Шрифт:
Интервал:
Закладка:
С книгами после ухода их создателя время творит что-то, напоминающее изготовление мечей оружейниками древней Японии. Железную полосу, множество раз перекованную внахлест, мастер закапывал в землю лет на двадцать, нарочно в самом сыром месте, чтобы живая земная влага выела, превратила в ржу все ненужные примеси, оставив только чистейшую, благородную сталь.
В книгах после такого испытания должно оставаться неуловимое, непередаваемое Нечто, которое иногда называют «существом жизни». И то, что в наследии писателя побуждает к жизни, заставляет жить – то и есть благородная, чистейшая сталь, которой нет износа. На словах все это красиво, но, памятуя какой неблагодарный труд – писательство – жестоко. Выживает лишь немногое. Ни Чехов, ни Толстой, ни Тургенев, ни прочие, которым мы по обычаю клянемся в священном и вечном почитании, не избежали этой участи. Наверное, один лишь Пушкин, который «наше все», оказался без «примесей» – так ведь он уже давно не человек и не писатель даже, а божество и часть речи.

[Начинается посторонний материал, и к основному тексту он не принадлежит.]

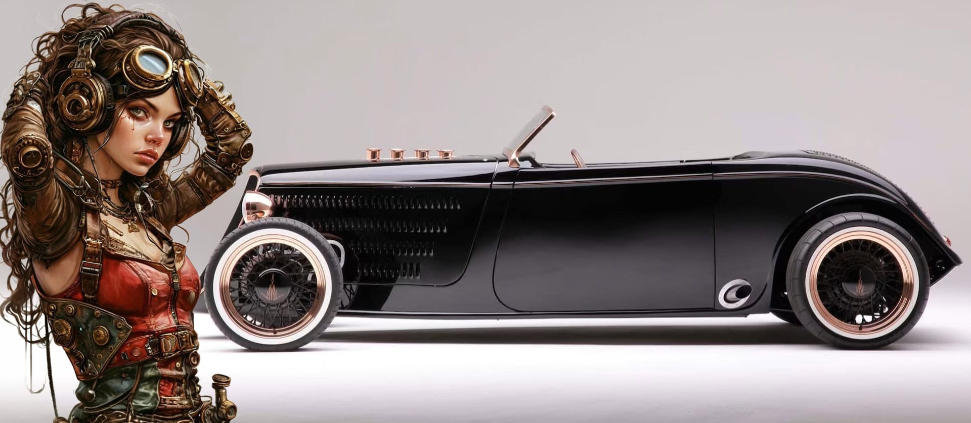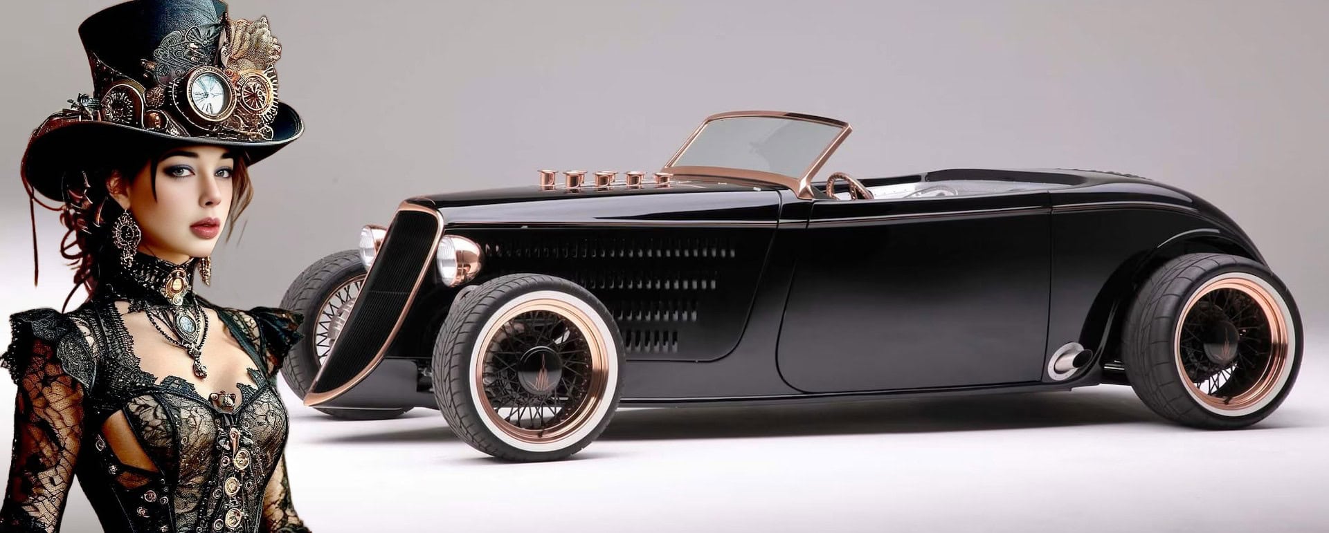 La vapeur faisait fureur avant le début du siècle dernier, mais qu’auraient construit les Hot Rodders actuels s’ils avaient existé à l’époque ? Ce concept est à la base d’un mouvement artistique populaire aujourd’hui appelé Steampunk qui incorpore des aspects de la machinerie industrielle et des appareils à vapeur (pensez aux ressorts, aux engrenages, aux leviers, aux jauges/compteurs avec des flèches, à l’acier ou à l’aluminium riveté, aux soupapes de décharge et à une bonne part des extensions et renflements). Le Steampunk d’aujourd’hui est aussi éloigné que possible de l’apparence des Hot Rods lisses qui étaient à la mode à la fin des années 1900 (juste avant l’année 2.000)…
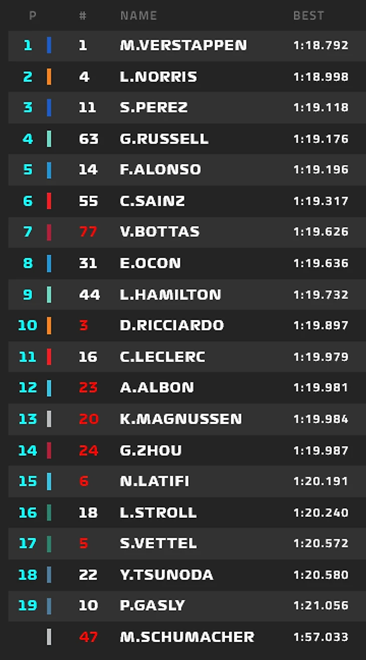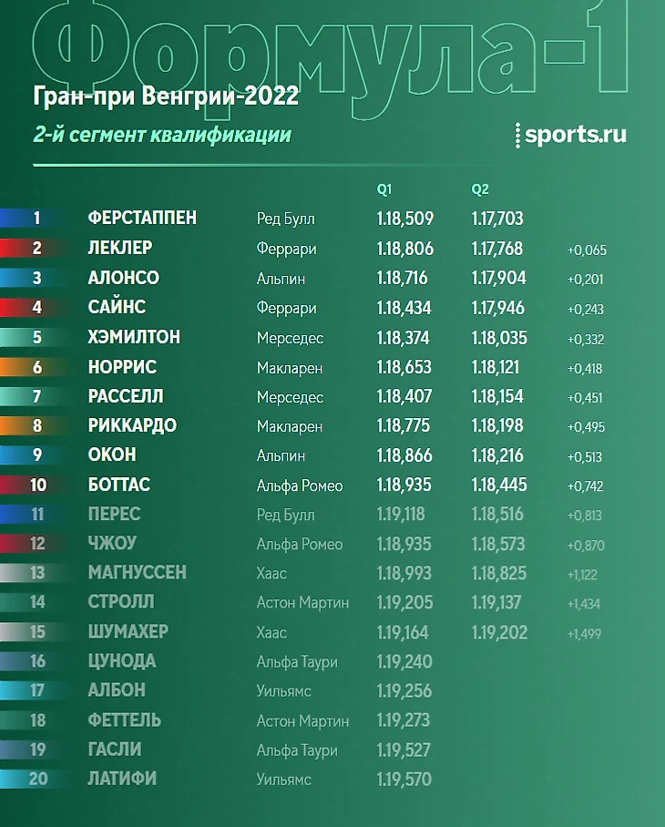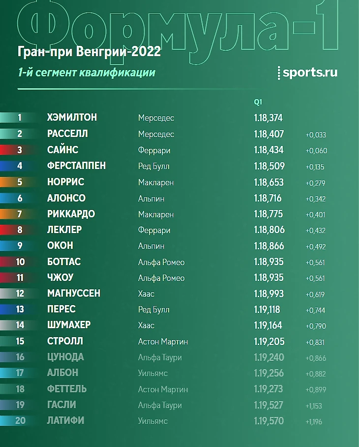 На последних секундах порядок в пелотоне резко изменился: Стролл наконец-то опередил Феттеля и пробился на 15-е место, Цуноде не хватило совсем чуть-чуть - он оказался 16-м. Кроме него выбыли Албон, Феттель, Гасли и Латифи. Что интересно - Гасли показал хорошее время, но нарушил границы трассы - его время удалили. А Латифи остался последним даже несмотря на лучший первый сектор круга!

И как бы ни зашкаливало нашу «благодарную память», невозможно не признать, что наследие русского писателя Астафьева закопано на сыром берегу, а время и «соки земли» уже начинали свою очистительную работу.
Я не собираюсь пророчествовать, как долго и какие именно книги Астафьева будут читать. Но все же я чувствую в себе право говорить о том, что останется после него. И стоит это право не на преимуществе особого ума, высокого положения и тем более близкого личного знакомства – здесь все наоборот. Это право стоит на моей обыкновенности. Я русский человек среднего возраста, потомок крестьян и типичный, укоренившийся горожанин. Я один из миллионов тех, кто бродил по созданному им миру, и этот мир – пока скажем так – потревожил во мне что-то глубинное и истинное. Бог даст, я еще поживу и посмотрю, что будет со всем этим – потревоженным – и со всеми нами. И потому я с полным правом говорю: все, что написал Астафьев – он написал для меня, я чувствую в его книгах то, что дает желание жить, и то, что его отнимает.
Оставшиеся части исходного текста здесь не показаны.